══ Records provided
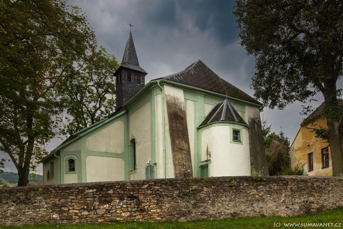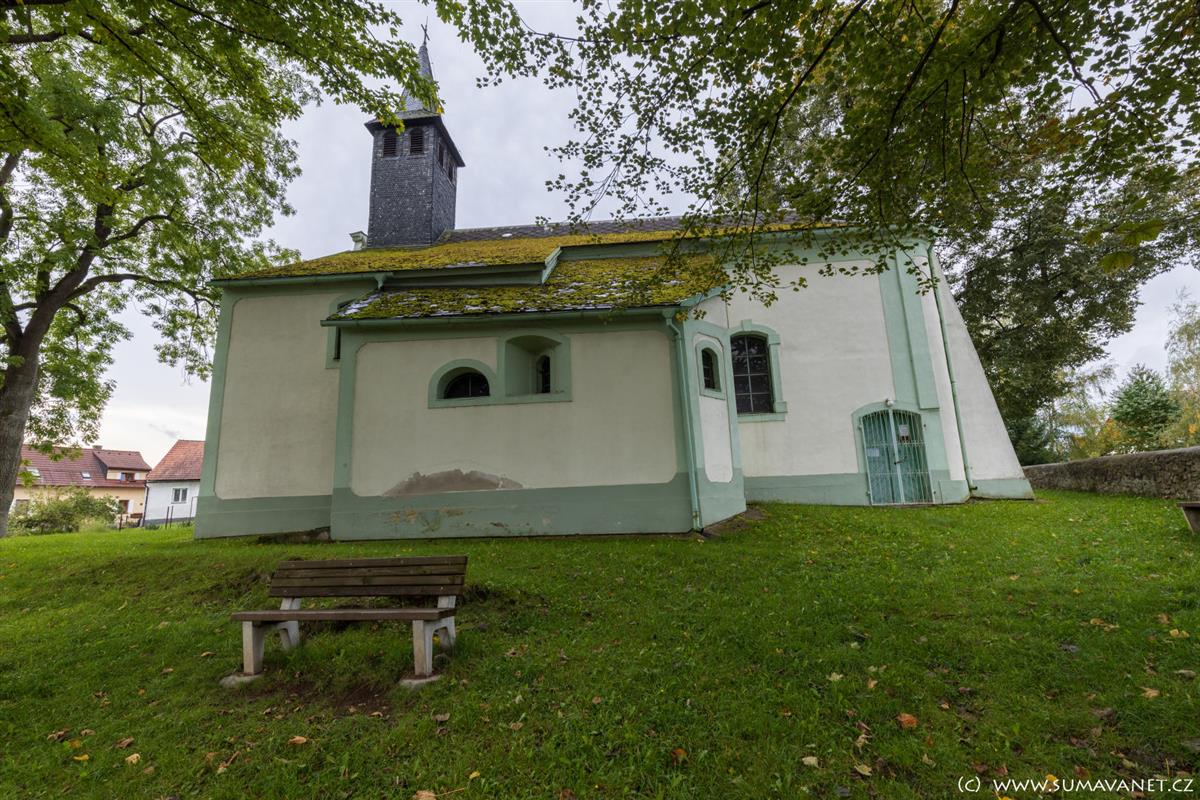 Kostel byl dříve obklopen hřbitovem. Nyní jej obklopuje několik chráněných stromů. V blízkosti kostela stojí pomník padlým v 1. světové válce.
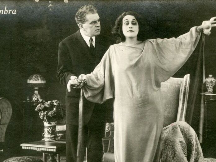 The final film of the daytime screenings was one of my favourites of the whole festival, no less. We are back in the emotionally luxurious world of the diva Italia Almirante Manzini and this, L’Ombra (Mario Almirante, 1923) was acclaimed at the time as one of her greatest films. Oh wow, she can turn what should be a thankless role into a tour de force in sharply paced melodrama of marriage, malaise, mendacity and motherhood. Manzini is Bertha, a beautiful, energetic woman married to a painter named Gerardo (Alberto Collo). When she is struck by a paralysing illness, Gerardo eventually seeks out the company of her comely young relative Elena (Liliana Ardea). This double-life continues, and Elena has a child. But one day, Bertha begins to get her strength back. Manzini is stunning and never passive, despite the dynamic here. She dominates the frame even when consciously dropping out of it, shifting all the mirrors in the house up so she cannot see herself bedridden, or just peeking into it, as when she gains a little strength back and raises one hand into the mirror’s frame. Lovely lighting and great performances all round. Just melodrama magic, especially with the restrained accompaniment of José Maria Serralde Ruiz to guide us gently through the emotional wreckage.
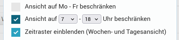 Unter Kalenderansicht – Planung in der Web-Amdinistration kann nun die Ansicht nach Uhrzeiten eingeteilt werden. Dies können Sie unter Planung – Kalenderansicht – Einstellungen (das kleine Rädchen ganz rechts) machen.
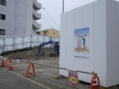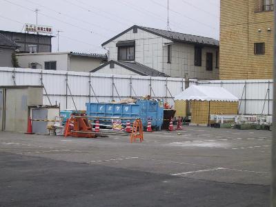 | 道路を隔てた反対側にも工事用地がありましたが、こちらは何の看板もたっていないので、地下鉄工事なのか不明ですが、 位置的に、駅の出入口ができるものと思われます。 | |
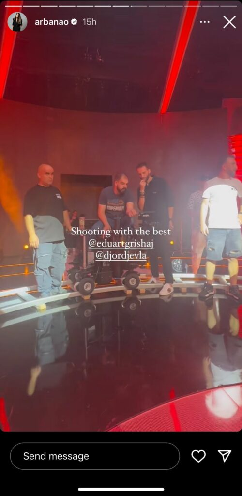 “Duke xhiruar me më të mirin, Eduart Grishaj” shkruan Arbana në një foto ku shfaqet partneri i saj në një studio televizive.
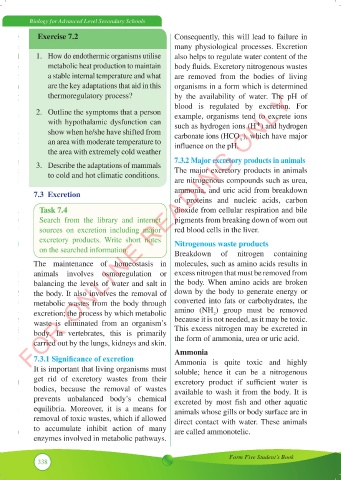 7.3.1 Significance of excretion Ammonia is quite toxic and highly
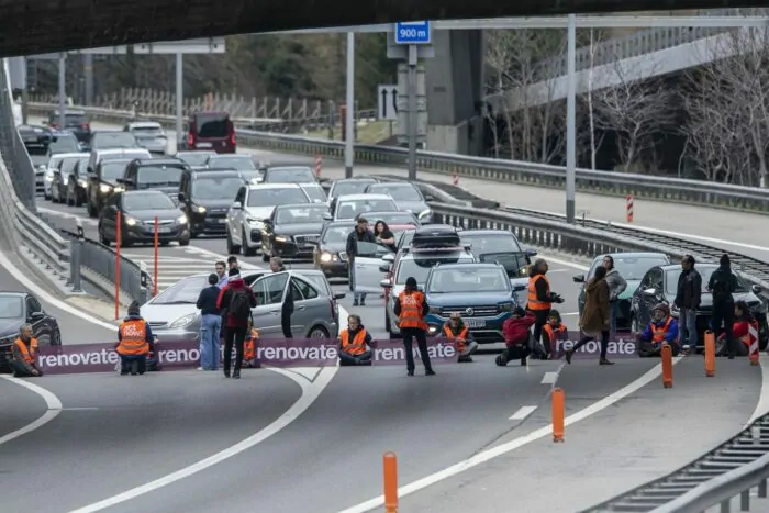 Nach Polizeiangaben kam es zu einem Handgemenge zwischen aufgebrachten Autofahrern und den sechs Menschen, die sich auf die Straße geklebt hatten. Sie gehörten zur Gruppe «Renovate Switzerland» (etwa: die Schweiz sanieren). Sie sollen zu Fuß über eine Autobahnausfahrt auf die Fahrbahn gelangt sein. Die Gruppe ruft zu zivilem Widerstand für das Klima auf.
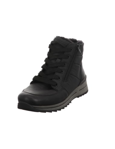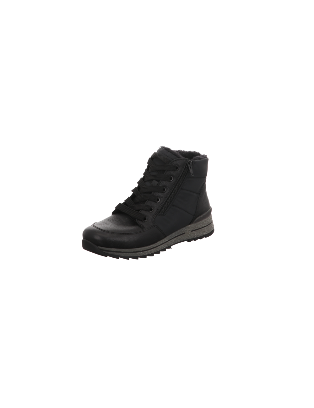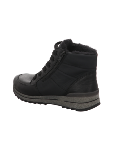 Schnürstiefelette in schwarzen Glattleder mit Gummisohle.
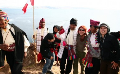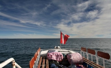 Jak jest dobrze to musi być też i źle. Ciągle trwa blokada granic Peru i dojazdu do Puno więc nie możemy wrócić:-( Trwają protesty, miejscami gwałtowne, miejscowej ludności, która nie chce by obcy kapitał eksploatował bogactwa Peru, niszcząc katastrofalnie środowisko. Na szczęście udało się załatwić łódź, która po wielu przygodach zabrała nas z granicy i właśnie pomykamy gładko, po wodach jeziora Titicaca, na Wyspę Taquile. Cały dzień na łodzi, w tak pięknych okolicznościach przyrody, ma niewątpliwe swój nieodparty urok. Błękit widzę, widzę błękit nad głową i pod nogami. Zawieszeni w czasie i przestrzeni trwamy...
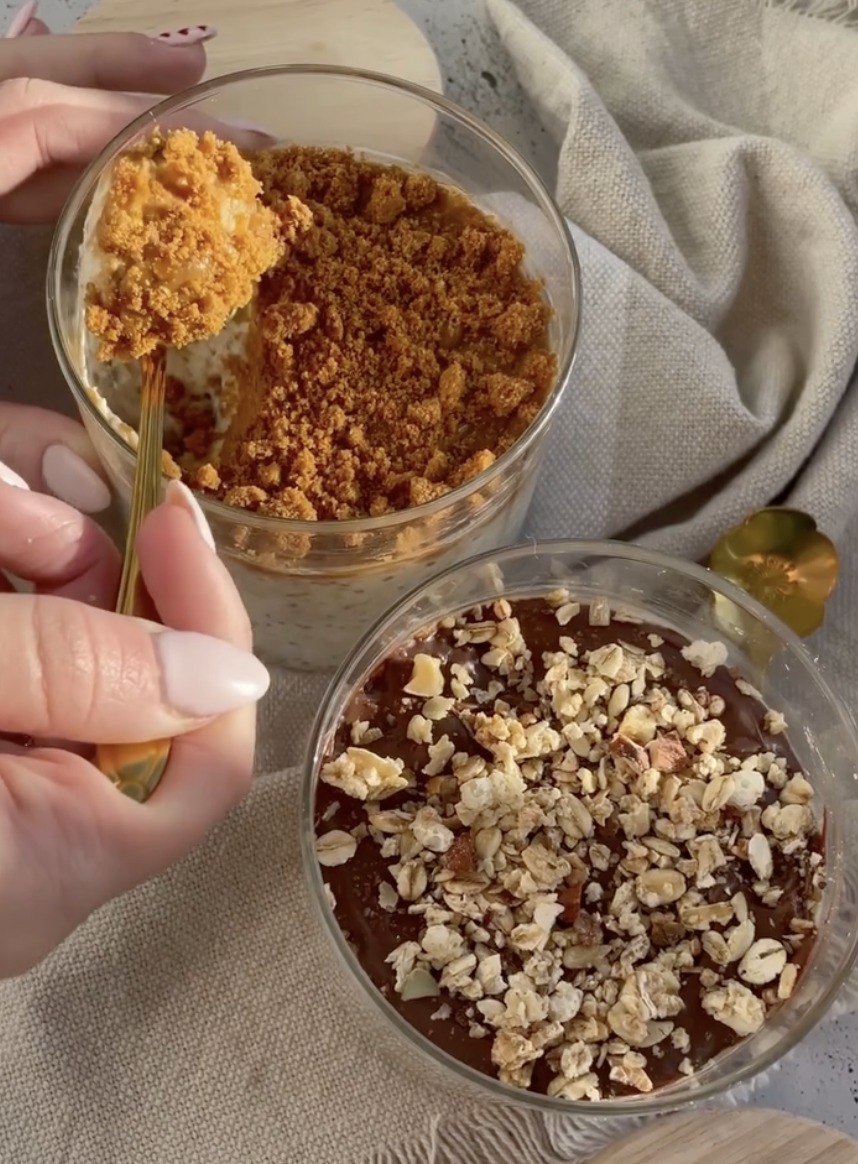 - Schenk de gesmolten speculoospasta of choco over de oats. Bestrooi met de verkruimelde speculooskoek of de Holie muesli.
════
__Exercise directions__
Print the listing exactly, minus any pictures.

__Solution for this problem__
 Kostel byl dříve obklopen hřbitovem. Nyní jej obklopuje několik chráněných stromů. V blízkosti kostela stojí pomník padlým v 1. světové válce.
 The final film of the daytime screenings was one of my favourites of the whole festival, no less. We are back in the emotionally luxurious world of the diva Italia Almirante Manzini and this, L’Ombra (Mario Almirante, 1923) was acclaimed at the time as one of her greatest films. Oh wow, she can turn what should be a thankless role into a tour de force in sharply paced melodrama of marriage, malaise, mendacity and motherhood. Manzini is Bertha, a beautiful, energetic woman married to a painter named Gerardo (Alberto Collo). When she is struck by a paralysing illness, Gerardo eventually seeks out the company of her comely young relative Elena (Liliana Ardea). This double-life continues, and Elena has a child. But one day, Bertha begins to get her strength back. Manzini is stunning and never passive, despite the dynamic here. She dominates the frame even when consciously dropping out of it, shifting all the mirrors in the house up so she cannot see herself bedridden, or just peeking into it, as when she gains a little strength back and raises one hand into the mirror’s frame. Lovely lighting and great performances all round. Just melodrama magic, especially with the restrained accompaniment of José Maria Serralde Ruiz to guide us gently through the emotional wreckage.
 Unter Kalenderansicht – Planung in der Web-Amdinistration kann nun die Ansicht nach Uhrzeiten eingeteilt werden. Dies können Sie unter Planung – Kalenderansicht – Einstellungen (das kleine Rädchen ganz rechts) machen.
 | 道路を隔てた反対側にも工事用地がありましたが、こちらは何の看板もたっていないので、地下鉄工事なのか不明ですが、 位置的に、駅の出入口ができるものと思われます。 | |
 “Duke xhiruar me më të mirin, Eduart Grishaj” shkruan Arbana në një foto ku shfaqet partneri i saj në një studio televizive.
 7.3.1 Significance of excretion Ammonia is quite toxic and highly
 Nach Polizeiangaben kam es zu einem Handgemenge zwischen aufgebrachten Autofahrern und den sechs Menschen, die sich auf die Straße geklebt hatten. Sie gehörten zur Gruppe «Renovate Switzerland» (etwa: die Schweiz sanieren). Sie sollen zu Fuß über eine Autobahnausfahrt auf die Fahrbahn gelangt sein. Die Gruppe ruft zu zivilem Widerstand für das Klima auf.
 Schnürstiefelette in schwarzen Glattleder mit Gummisohle.
 Jak jest dobrze to musi być też i źle. Ciągle trwa blokada granic Peru i dojazdu do Puno więc nie możemy wrócić:-( Trwają protesty, miejscami gwałtowne, miejscowej ludności, która nie chce by obcy kapitał eksploatował bogactwa Peru, niszcząc katastrofalnie środowisko. Na szczęście udało się załatwić łódź, która po wielu przygodach zabrała nas z granicy i właśnie pomykamy gładko, po wodach jeziora Titicaca, na Wyspę Taquile. Cały dzień na łodzi, w tak pięknych okolicznościach przyrody, ma niewątpliwe swój nieodparty urok. Błękit widzę, widzę błękit nad głową i pod nogami. Zawieszeni w czasie i przestrzeni trwamy...
 - Schenk de gesmolten speculoospasta of choco over de oats. Bestrooi met de verkruimelde speculooskoek of de Holie muesli.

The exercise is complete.